When in March 25,1988 Candle demonstration in Bratislava had been smashed by authorities, Válek was noticed among party overseers of put-down, reporting on it at party meeting.

He died in Bratislava.

== Writing career ==
Miroslav Válek established himself with modernist poetic expression.

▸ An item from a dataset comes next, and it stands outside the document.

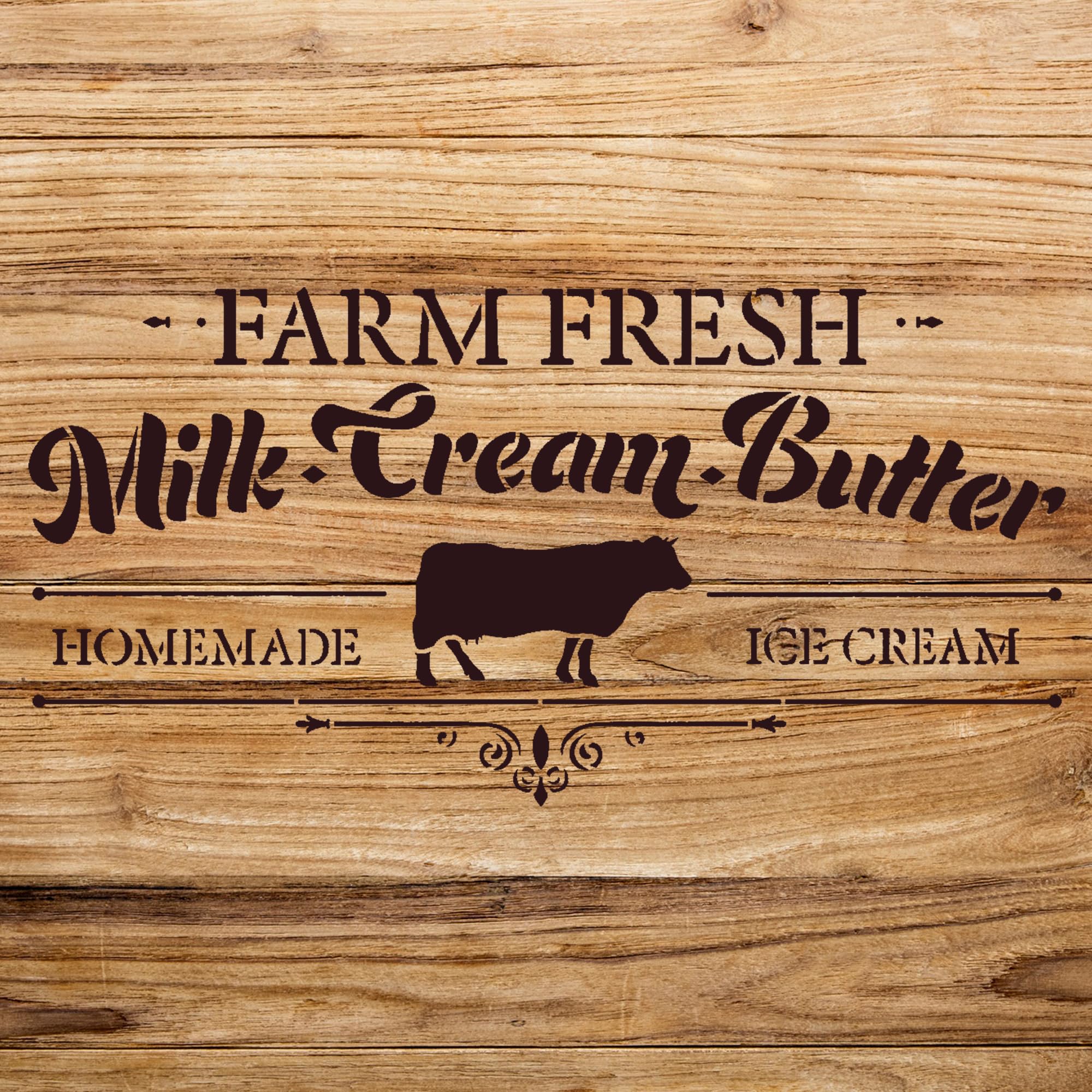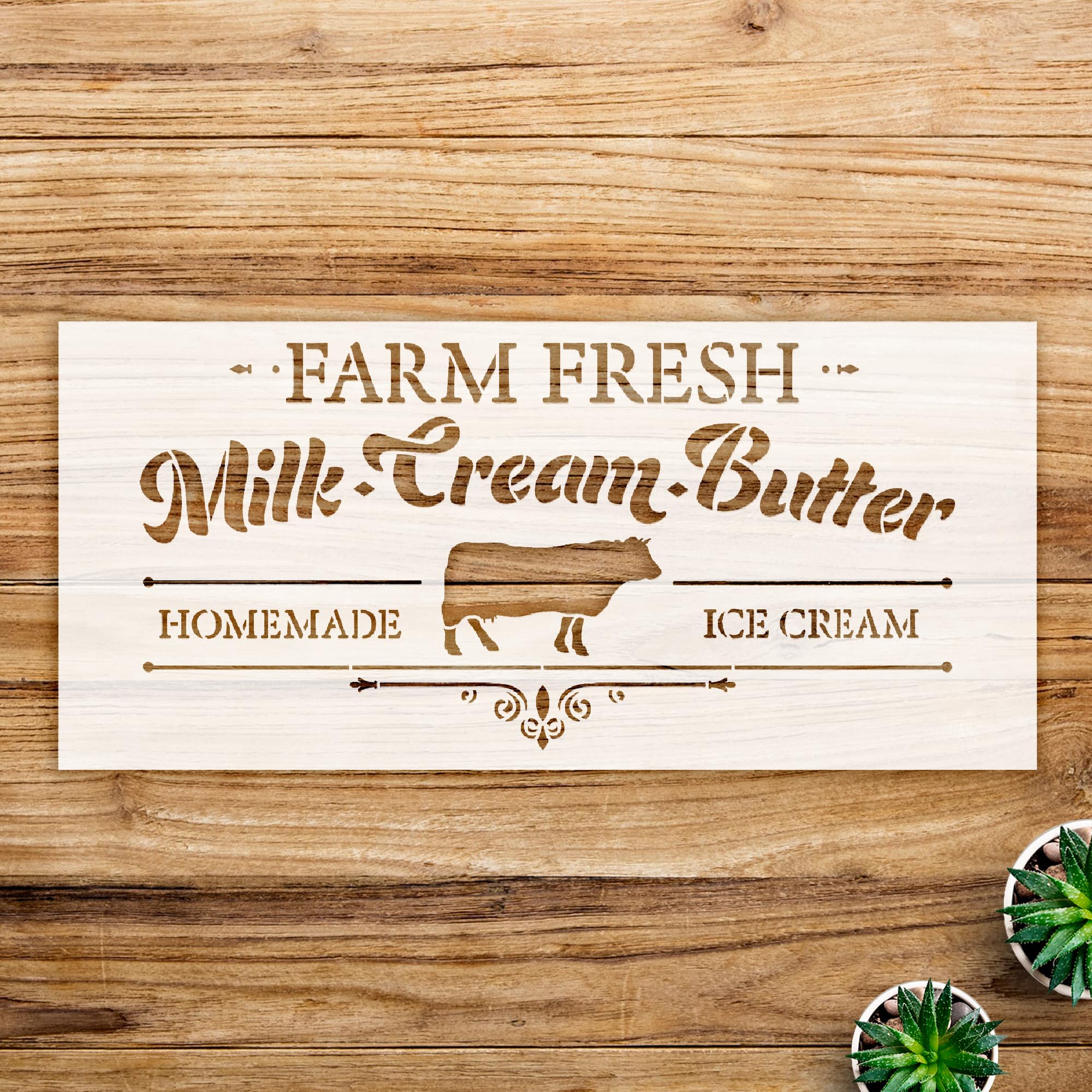 Professional Farm Fresh Milk Cream Stencil for Walls and Crafts, Reusable Mylar Template, Rustic Farmhouse Kitchen Decor, Ideal for Painting and DIY Projects – Size A3 () stencil for creating beautiful designs on various surfaces. Perfect for painting on wood, fabric, walls, and other materials. Reusable and durable for multiple projects.

Through the devices of avant-garde poetics he analysed the situation of modern man and was sceptical of his activity where he intervened in the way the world went.

=== Books of poetry ===

- 1959 - Dotyky (Touches)
- 1961 - Príťažlivosť (Attraction)
- 1963 - Nepokoj (Unrest)
- 1965 - Milovanie v husej koži (Lovemaking in Goose Skin)
- 1973 - Súvislosti (Contexts)
- 1976 - Slovo (Word)
- 1977 - Z vody (From Water)
- 1977 - Zakázaná láska (Forbidden Love)
- 1983 - Básne (Verses) (collected edition)

=== English translations ===
- 1996 - Ground Beneath Our Feet
- 2015 - Collection of Poems: Miroslav Válek'

== Legacy ==

Regarded as acclaimed Slovak language poet, Miroslav Válek remains highly controversial figure due his political activities.

Some of Válek's poetry pieces were set on music, most notably Jesenná láska (The Autumn Love) recorded by Miroslav Žbirka and Smutná ranná električka (Sad Morning Tram) recorded by Pavol Hammel and Marián Varga.